I noticed that the system is far more responsive when emerging, if I use a lower MAKEOPTS setting. Maybe you think these flags are too conservative, but that of course depends on what you mean by 'full advantage'. The best advantage is in my opinion to have a stable (=tried&true) system, so I mostly follow the dev's recommendations.

To be able to come with relevant tips, I must know what you're switching from  :Smile: 

----------

## Solak

CHOST="i686-pc-linux-gnu"

CFLAGS="-march=k8 -O2 -pipe -fomit-frame-pointer"

CXXFLAGS="${CFLAGS}"

makeopts = '-j3' 

That's when you building 32bit system.

I've build my gentoo with those flags and it runs great.

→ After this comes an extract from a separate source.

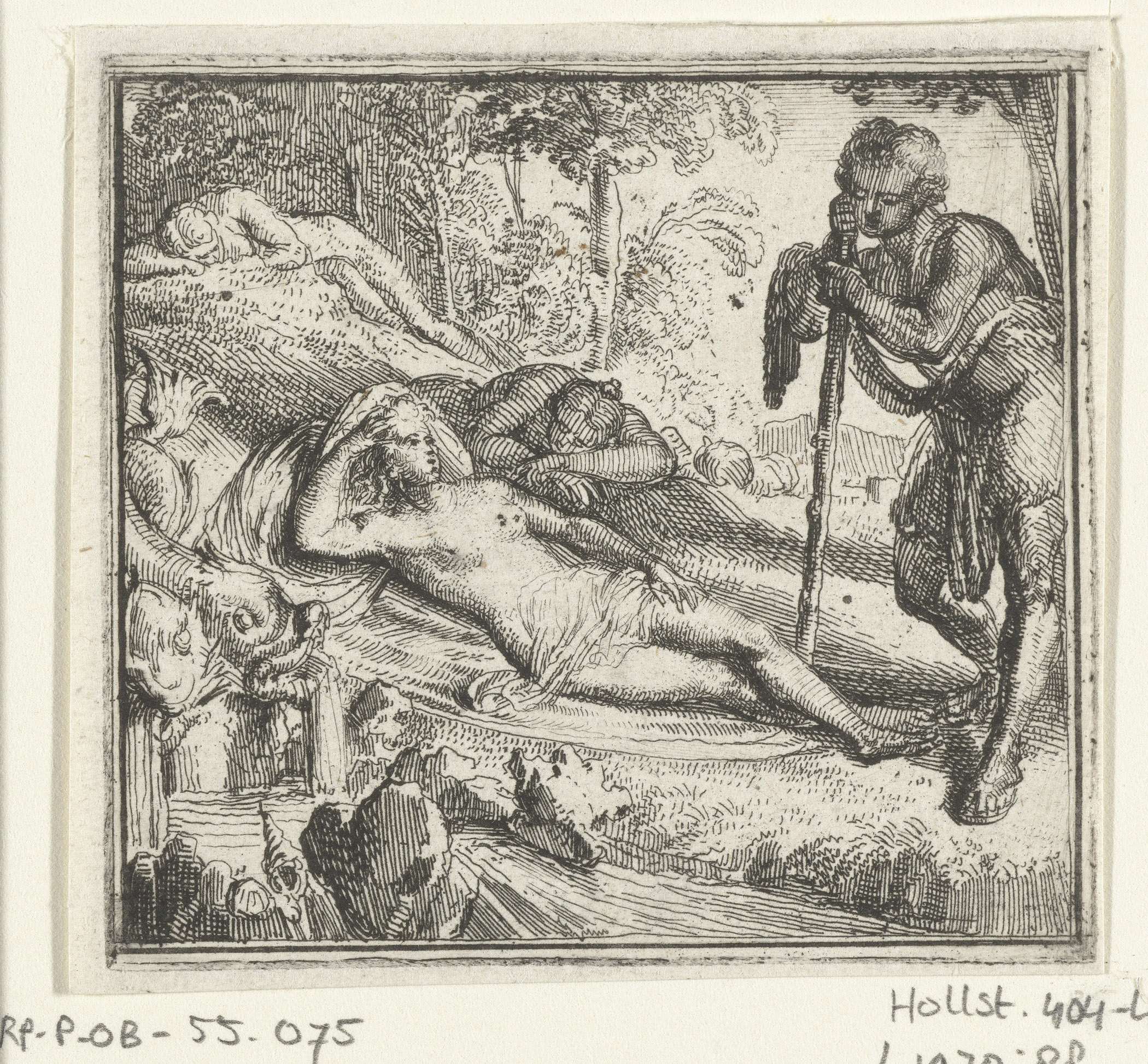 Illustratie voor de Decamerone van Boccaccio, historie XL. Chimon leunt op stok en kijkt naar slapende naakte vrouw die naast een fontein in een weiland ligt.

Also remember about all sse,sse2,sse3 goodness, when you'll be choosing USE flags :)

----------

## Seek

CFLAGS="-march=athlon64 -msse3 -O2 -pipe -fno-ident"

CXXFLAGS="${CFLAGS}"

LDFLAGS="-Wl,-O1 -Wl,--as-needed"

CHOST="x86_64-pc-linux-gnu"

MAKEOPTS="-j3"

#just a few   :Smile: 

USE="glibc-omitfp ssse3 smp 3dnowext mmxext"

here on my 'AMD Athlon(tm) 64 X2 Dual Core Processor 4800+', completely stable!

Don't worry about the LDFLAGS, they are supported by Gentoo. Means if they don't work you can report a bug!

Whole Ubuntu uses them too...

----------

## snakeo2

thanks for the advise. I will do some cleaning, add a zalman cpu cooler 7000B to cool the x2 and also a more ram which should bring me close to 2gb. I will report back to follow up.

----------

## snakeo2

Happy to report that upgrade went without any problems so far. Added the zalman 7000, the AMD Athlon 64 X2 4200 and both XP and Gentoo were able to boot without any issues. Here is my /make.conf

Do I now need to run " emerge world " to be rebuild my entire system ???

 These settings were set by the catalyst build script that automatically built$

# Please consult /etc/make.conf.example for a more detailed example

CFLAGS="-march=athlon64 -msse3 -O2 -pipe"

CHOST="x86_64-pc-linux-gnu"

CXXFLAGS="${CFLAGS}"

MAKEOPTS="-j2"

USE="gtk gnome a52 mad alsa oss avi live matroska mpeg ogg vorbis real theora x$

GENTOO_MIRRORS="ftp://ftp.gtlib.gatech.edu/pub/gentoo http://www.gtlib.gatech.e$

SYNC="rsync://rsync.gentoo.org/gentoo-portage"

INPUT_DEVICES="keyboard mouse evdev"

VIDEO_CARDS="nvidia"

thanks...

----------

## energyman76b

CFLAGS="-march=k8 -O2 -msse3 -pipe"

everything above that is stupid. Everything below that too.

LDFLAGS are the peak of stupidity. Don't touch them. Best case nothing happens. Usual case something breaks badly. Worst case everything breaks horribly.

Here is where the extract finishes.